Does This Mean a Return to Coastal Markets?
It’s true that fewer people aren’t moving to the Sunbelt, but they don’t seem to be moving anywhere else, either. The coastal markets, which saw the most significant exodus during the pandemic, have not seen any noteworthy inward migration in the last year.
In 2020, 2021, and 2022, the coastal market population fell by an average of .9% annually, and not a single coastal city has seen an increase in population in the last year, according to the latest data from Markerr. San Francisco, New York, Los Angeles, and Seattle, the four largest coastal markets, have each had declining population trends over the last three years.
Despite outbound migration patterns, apartment rents in coastal markets have rapidly recovered after experiencing double-digit declines during the pandemic. Los Angeles, Seattle, New York, Orange County, Sacramento, and San Francisco have all seen significant rent growth in the last year. San Jose had the second highest rent growth in the country, following Indianapolis, at 8.1%, and New York also ranked in the top 10 markets, with rents up 6.7% in 2022.
This rebound in rents, unfortunately, hasn’t been enough to renew investor confidence in the coastal markets. A 2023 survey from CBRE forecasting investment trends in the coming year found that investors still prefer secondary markets in the Sunbelt, with Los Angeles as the lone coastal city on the preferred market list.

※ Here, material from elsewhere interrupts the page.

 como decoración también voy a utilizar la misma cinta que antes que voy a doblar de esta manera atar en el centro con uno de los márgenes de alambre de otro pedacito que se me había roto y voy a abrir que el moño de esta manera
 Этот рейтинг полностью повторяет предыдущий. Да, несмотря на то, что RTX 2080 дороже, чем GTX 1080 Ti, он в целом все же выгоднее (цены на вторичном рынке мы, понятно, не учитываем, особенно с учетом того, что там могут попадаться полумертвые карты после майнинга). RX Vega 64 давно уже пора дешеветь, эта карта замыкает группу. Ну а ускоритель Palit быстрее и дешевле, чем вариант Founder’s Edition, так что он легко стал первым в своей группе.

The Sunbelt Continues to Lead Multifamily Activity
Although fundamentals are shifting in the Sunbelt, the region continues to show its strength. Both PWC and CBRE rank Sunbelt markets as the top cities for multifamily investment in 2023, despite what pwc describes as a “normalizing” of market fundamentals.

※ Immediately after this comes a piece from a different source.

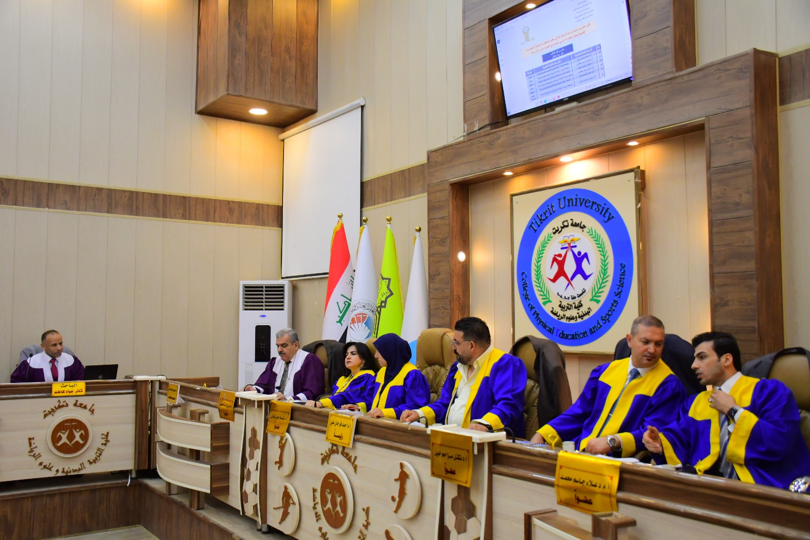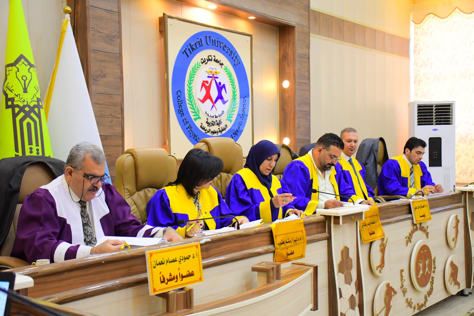 نوقشت في كلية التربية البدنية وعلوم الرياضة بجامعة تكريت اطروحة طالب الدكتوراه ( ثائر جواد كاظم ) الموسومة ( تأثير التدريب بأسلوب " Tabata" في بعض المتغيرات البدنية والمؤشرات الفسيولوجية ومهارات الرمي لمصارعي الجودو دون " 21" سنة ) وذلك في تمام الساعة التاسعة صباحاً من يوم الثلاثاء الموافق 2025/5/6 و على قاعة المناقشات الكبرى في كلية التربية البدنية وعلوم الرياضة بجامعة تكريت ، حيث تألفت لجنة المناقشة من السادة المدرجة اسمائهم ادناه :

There is a shake-up in the list of usual Sunbelt suspects. Notably, Phoenix, Raleigh, and Charlotte have all fallen to the bottom of the ranking, while Nashville, Dallas, and Atlanta sit at the top of the list. Although Sunbelt migration trends have slowed in the last year, the Sunbelt remains the only US region with positive population growth.

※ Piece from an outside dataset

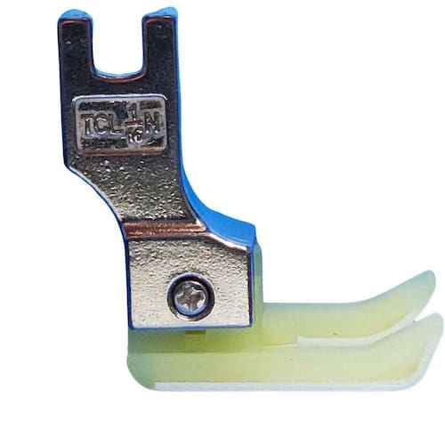 Material: Teflon de alta resistência. Tipo de calcador: Pesponto compensado. Lado da guia: Esquerdo. Medida da guia: 2mm. Aplicação: Pespontos e acabamento de barras. Compatibilidade: Máquinas de costura retas industriais. Referência: TCL-1/16N.
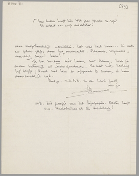 Ik hoop, dat je hiermee voorloopig nog niet in verband zult brengen het feit, dat ik j.l. week bij nacht en levensgevaar in den huize Planten doordrong; daarover mondeling meer. Het geheel was van een beroerde romantiek en vreemd belicht door onophoudelijk weerlichten. Het was heel raar... ten deele een geluk zelfs, door het onverwachte. Daarover, nogmaals, mondeling meer! Kom! Van luieren hoeft hier toch geen sprake te zijn! Ik arbeid aan mijn dissertatie!

The change in fundamentals—along with higher interest rates and economic dislocation—will certainly deter investment volumes in 2023. CBRE reports that 60% of investors across the country plan to reduce acquisition activity this year. However, multifamily remains undersupplied nationwide, giving developers a good incentive to continue to search for opportunities.
The National Apartment Association estimates that the US needs to add 4.3 million apartment units to the current building stock by 2035 to meet current demand, and Florida, Texas, and California account for 40% of those units.
Although changing fundamentals will certainly mean revising underwriting standards, developers will continue to find ample opportunity to build apartment products in Sunbelt markets, considering the undersupply, sustained rent growth, and continued inward migration of renters.
New technologies can help developers manage market headwinds and shifting fundamentals to strategically pursue these development opportunities—and make them pencil.
Automation and predictive analytics, like the technology backing Northspyre, allow developers to streamline workflows, program administrative tasks, and forecast market changes that could impact pricing and scheduling.
The results are more predictable outcomes, reduced budget overages, and fewer scheduling errors. This is a critical tool for developers to remain active and mitigate new market risks as they arise.
The Sunbelt has been a favored region for decades, both for people planting new roots and for investors chasing opportunity. Although fundamentals are shifting after a period of record growth, the region continues to have strong demand dynamics and a shortage of supply. That should still provide developers with plenty of reasons to smile.